At 6.86 GiB, Gemma 4 12B is memory-efficient on both platforms:

  • Thor (122.8 GiB unified): model uses 5.6% of available memory — room for simultaneous models, large KV caches, and vision pipelines
  • RTX 3090 (24 GiB VRAM): model uses 28% of VRAM — comfortable headroom for long-context generation

Prefill Speed

The prefill speed of 792 t/s (Thor) and 2702 t/s (3090) at 512 tokens means prompt processing completes in under 650ms and 190ms respectively. For conversational applications, prompt processing is invisible to the user on both platforms.


What This Means for Edge AI

Choose Jetson AGX Thor if you need:

  • Private, on-device multimodal AI (text + vision)
  • 12B-class reasoning without cloud dependency
  • Long-context applications (122 GB unified memory handles very large KV caches)
  • Production edge deployment with 24/7 uptime

Choose RTX 3090 if you need:

  • Higher generation throughput for batch applications
  • Faster development iteration cycles
  • x86_64 compatibility with existing ML tooling

Model Architecture Note

Gemma 4 12B includes a vision projector (mmproj), making it a vision-language model. This benchmark covers text-only inference — the projector is not loaded during text-only generation.

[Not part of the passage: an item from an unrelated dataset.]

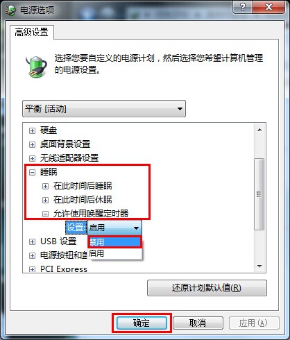 5.在打开的电源选项界面下选择睡眠 - 允许使用唤醒定时器 - 设置(禁用),点击确定保存设置。如下图所示

For vision tasks, you would add the projector and pass image tokens alongside text. The generation speed for vision+text prompts will be slightly lower due to the additional projector computation.


Reproduce These Results

# Download model (requires HuggingFace account with Gemma terms accepted)
# Or use via ollama on a supported version

# Thor
cd ~/kwkthor/llama.cpp
LD_LIBRARY_PATH=build/bin build/bin/llama-bench \
  -m /path/to/gemma-4-12B-Q4_K_M.gguf \
  -ngl 999 -fa 1 -p 32,128,512 -n 64,128 -r 3

# RTX 3090
cd ~/llama.cpp
LD_LIBRARY_PATH=build/lib build/bin/llama-bench \
  -m /path/to/gemma-4-12B-Q4_K_M.gguf \
  -ngl 999 -fa 1 -p 32,128,512 -n 64,128 -r 3

Benchmark collected on June 4, 2026. Results may vary with different quantization levels, llama.cpp versions, or thermal conditions.